History and Theory of Psychology Course

Paul F. Ballantyne, Ph.D.
pballan@comnet.ca


Langfeld, H.S. (1945). Introduction [to the Symposium on Operationism]. Psyc. Rev., 32, 241-243.


About a year ago Professor E.G. Boring wrote to suggest a symposium on operationism and appended a few questions which he said he would like to have answered. The Editor welcomed the idea and invited a number of persons interested in operationism to take part in the symposium. They were sent Professor Boring's questions and asked to add questions of their own to the list. Professors E.G. Boring, P.W. Bridgman, Herbert Feigl, Harold Israel, Carroll C. Pratt and B.F. Skinner accepted the invitation and submitted additional questions. The complete list was then sent to each participant with instructions to write on any or all of the questions. When the galley proof was ready, all of it was sent to each person with the request that he write a short rebuttal. All but one participant consented. These replies, which are more than rebuttals, follow the main articles under the title 'Rejoinders and Second Thoughts.'

These are the questions. They are referred to in the text by their numbers.

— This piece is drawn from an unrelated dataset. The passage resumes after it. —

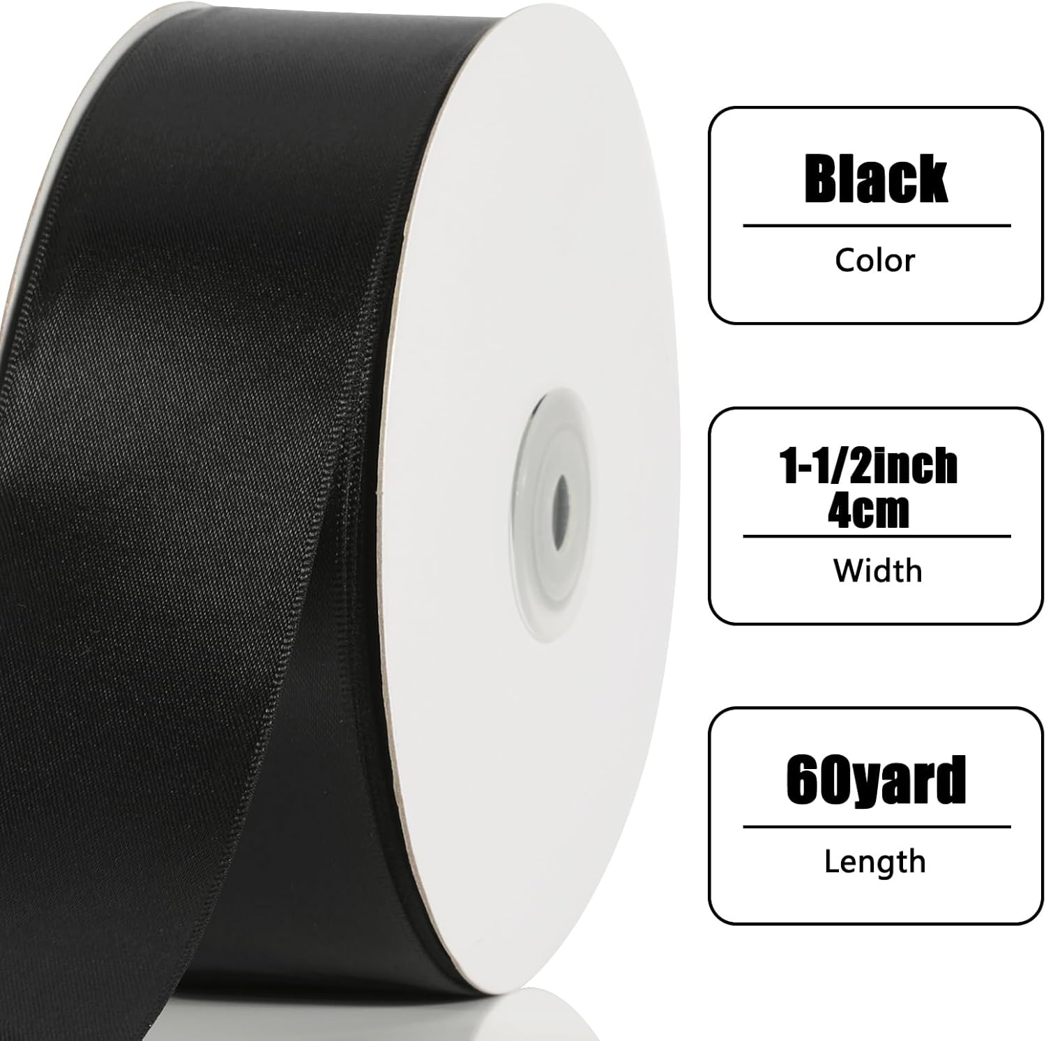 NESCCI 60 Yards Ribbon,1-1/2 Inch Black Satin Ribbon,Single Face Satin Ribbons, Perfect for Gift Wrapping,Wedding Decoration,Handmade Bows, Wrapping Bouquet and More
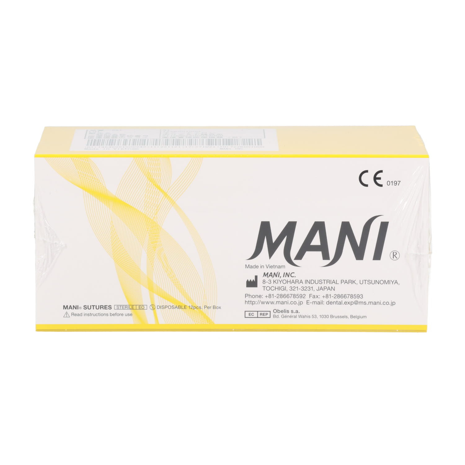 耐久性に優れ適度な柔軟性と硬度を併せ持った「マニー・ハードファイバー・ステンレス・スチール」を採用しています。正確な寸法、シャープなエッジ、鏡面仕上げなど、優れた加工精度です。また、針と糸部の接合部をレーザー接着しているため、組織を傷めにくい縫合が可能です。

1. (a) what is the purpose of operational definitions? When are they called for?

Since it is obviously impossible to explicate an operational definition for every construct-term used in scientific discussion, there must be some principle which determines when operational definitions are useful.

(b) Logically, operational definitions could form an infinite regress, since the construct-terms used in describing an operation are themselves in need of definition.

How is this regress limited in scientific practice?

2. When the same construct is defined by two independent operations, should it be said that there are really two constructs? For instance, it has been said that tape-measured distance and triangulated distance are really two kinds of distance and should perhaps have different names.

Against this view it can be argued that these are operations for showing the equivalence of operations, e.g., for demonstrating the identity of taped and surveyed short distances.

3. (a) Are hypothetical operations which are physically impossible with present available techniques, of scientific use? Is the other side of the moon what you would see if you went there?

It is arguable that an unperformable operation has value in stating the conditions by which a construct could be validated. Such a statement shows that the construct is not at the moment valid.

(b) Is there a use for hypothetical operations that would define constructs which are actually at the moment nonexistent?

Red and green are supposed to be derived from yellow in the course of evolution. The discriminatory operations which would establish the existence of two new colors, derived similarly from blue, could be stated, although they could not be performed at the present stage of evolutionary development. The operations which would define a new invisible planet are similar.

(c) Is there a use for hypothetical operations which could never be performed?

The definition of infinity depends on operations which can never be completed.

4. Is experience a proper construct for operational definition?

It has been held that experience is ultimate, subject to immediate intuition but not to operational definition.

5. Are there scientifically good and bad operations, and how are operations evaluated if they differ in value?

Objectivists hold that the data of experience can always be operationally defined if the data become public, because the operations of publication define the datum. It is, however, argued further that the operations of verbal report are 'poorer' than the operation of discriminatory choice (C.R.; jumping stand) because the verbal response itself involves terms that are less rigorously defined.

6. Is operationism more than a renewed and refined emphasis upon the experimental method (as understood already by Galileo, if not even by Archimedes) --i.e., a formulation of modern scientific empiricism and pragmatism (especially of the Peirce-Dewey variety), mainly of criteria of factual meaningfulness and empirical validity?

7. Must operationists in psychology relegate theorizing of all sorts to the limbo of metaphysics? Bridgman in physics is perfectly aware of the value of theories as long as they are in keeping with his operational requirements. The Gestaltists, particularly Kohler and Koffka, have repeatedly attacked positivism (an identical twin of operationism), reproaching it for its (alleged) opposition to theoretical construction. C.C. Pratt (Logic of Modern Psychology, pp. 147-154) on the basis of his operationism maintains that all theoretical explanation is circular or tautological. Kohler (Dynamics in Psychology, pp. 107-125) holds a strictly opposite view. Which position is the most adequate for psychological research?

8. Some radical operationists assert that the meaning of a quantitative concept lies exclusively in the set of measuring operations which determine the application of the concept. (E.g.: "Intelligence is what the intelligence test tests.") But how can we then know what it is that we are after in constructing tests; and what possible meaning is there in talking about improving or revising tests and measurements if there are no criteria outside the chosen test methods?

9. Are all scientifically legitimate definitions operational in character? This is (at least in part) a terminological question, but certainly one that it would pay to settle (not only) among psychologists.

10. What is a definition, operational or otherwise? It is important to know whether one is presupposing a logical apparatus for dealing with the language of science or intending through a psychological analysis to justify such an apparatus.

11. For the purpose of operational definition, what class or classes of events may be used properly as defining-operations? Specifically, can a phenomenon be identified or its properties be defined in terms of the events (operations) which are effective to produce, or occur as results of, the phenomenon?